Оксана стояла бледная, провожая меня ничего не видящим, словно сквозь слезы, взглядом. Она, видимо, еще не совсем поняла, что тут сейчас произошло.
— Во, девка, а? — восхищенно крякнул Бугай. — Ай-яй-я-яй, ну что за девчонка! — вдобавок пропел он из известной песенки, окончательно разрядив обстановку. — За такую бы и я кому-нибудь ноги вырвал, а сказал, что так было.

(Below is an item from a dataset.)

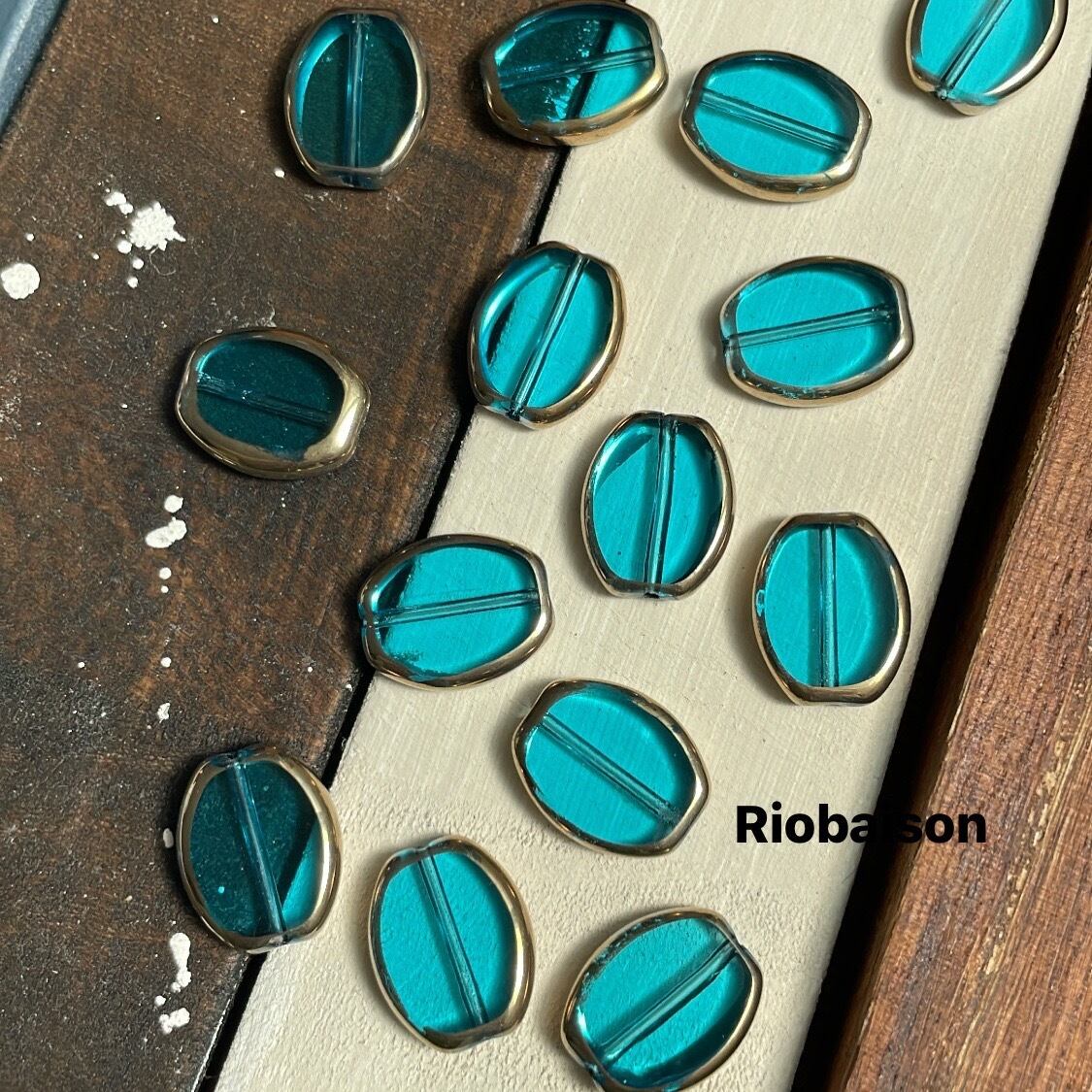 オーバルガラスゴールドフレームビーズ(クリアブルー) 8個

Девчонки начали выкарабкиваться одна из-под другой, опять уже хохоча. Никто больше не плакал, кроме той маленькой, у которой порвали платье, наверное новое. Ко мне подошел Манодя:
Чего ты? Мы же понарошке, шутейно. Ну, нечаянно так получилось. Онняачен! — подправил он сам по своей привычке.
— За нечаянно бьют отчаянно! — сказал я ему, прикидываясь, что все пока грозен.
Мимо нас, воображулисто покачивая бедрышками, прошли Томка с подружкой. Фря какая, фик-фок на один бок! Не поворачивая головы, она кинула, презрительно вздернув верхнюю губу:
— Дураки. Их шли поздравить с праздником Победы. Как будто они мужчины.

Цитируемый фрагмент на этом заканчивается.